- Data extracted from a collection
+ + + + +

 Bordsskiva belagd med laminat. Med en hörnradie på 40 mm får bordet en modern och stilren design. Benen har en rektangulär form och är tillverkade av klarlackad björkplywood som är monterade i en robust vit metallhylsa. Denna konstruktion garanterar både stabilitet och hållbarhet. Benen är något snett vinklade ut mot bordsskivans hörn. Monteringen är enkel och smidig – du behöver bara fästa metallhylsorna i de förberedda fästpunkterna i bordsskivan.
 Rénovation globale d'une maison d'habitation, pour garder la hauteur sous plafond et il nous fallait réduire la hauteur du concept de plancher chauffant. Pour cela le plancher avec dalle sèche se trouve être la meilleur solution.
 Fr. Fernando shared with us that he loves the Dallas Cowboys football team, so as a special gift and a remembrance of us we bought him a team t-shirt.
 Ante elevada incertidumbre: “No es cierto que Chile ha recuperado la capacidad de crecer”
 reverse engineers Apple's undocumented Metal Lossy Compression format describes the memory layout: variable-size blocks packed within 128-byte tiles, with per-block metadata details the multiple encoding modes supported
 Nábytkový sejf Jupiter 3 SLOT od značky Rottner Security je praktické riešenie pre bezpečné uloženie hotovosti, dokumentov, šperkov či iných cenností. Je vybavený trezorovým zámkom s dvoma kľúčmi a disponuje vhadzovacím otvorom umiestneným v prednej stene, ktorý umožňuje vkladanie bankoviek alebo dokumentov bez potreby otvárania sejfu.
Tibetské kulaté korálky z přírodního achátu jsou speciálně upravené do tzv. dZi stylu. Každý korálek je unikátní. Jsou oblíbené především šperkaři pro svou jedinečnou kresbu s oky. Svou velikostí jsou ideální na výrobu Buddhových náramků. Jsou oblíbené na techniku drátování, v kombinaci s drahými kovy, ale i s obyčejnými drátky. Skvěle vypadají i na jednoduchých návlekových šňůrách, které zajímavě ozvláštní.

+ + + + +

- Work item
Please transcribe exactly the line containing "Nábytkový sejf Jupiter" and every line after it to the end of the data, and no other lines.

- Worked solution
 Nábytkový sejf Jupiter 3 SLOT od značky Rottner Security je praktické riešenie pre bezpečné uloženie hotovosti, dokumentov, šperkov či iných cenností. Je vybavený trezorovým zámkom s dvoma kľúčmi a disponuje vhadzovacím otvorom umiestneným v prednej stene, ktorý umožňuje vkladanie bankoviek alebo dokumentov bez potreby otvárania sejfu.
Tibetské kulaté korálky z přírodního achátu jsou speciálně upravené do tzv. dZi stylu. Každý korálek je unikátní. Jsou oblíbené především šperkaři pro svou jedinečnou kresbu s oky. Svou velikostí jsou ideální na výrobu Buddhových náramků. Jsou oblíbené na techniku drátování, v kombinaci s drahými kovy, ale i s obyčejnými drátky. Skvěle vypadají i na jednoduchých návlekových šňůrách, které zajímavě ozvláštní.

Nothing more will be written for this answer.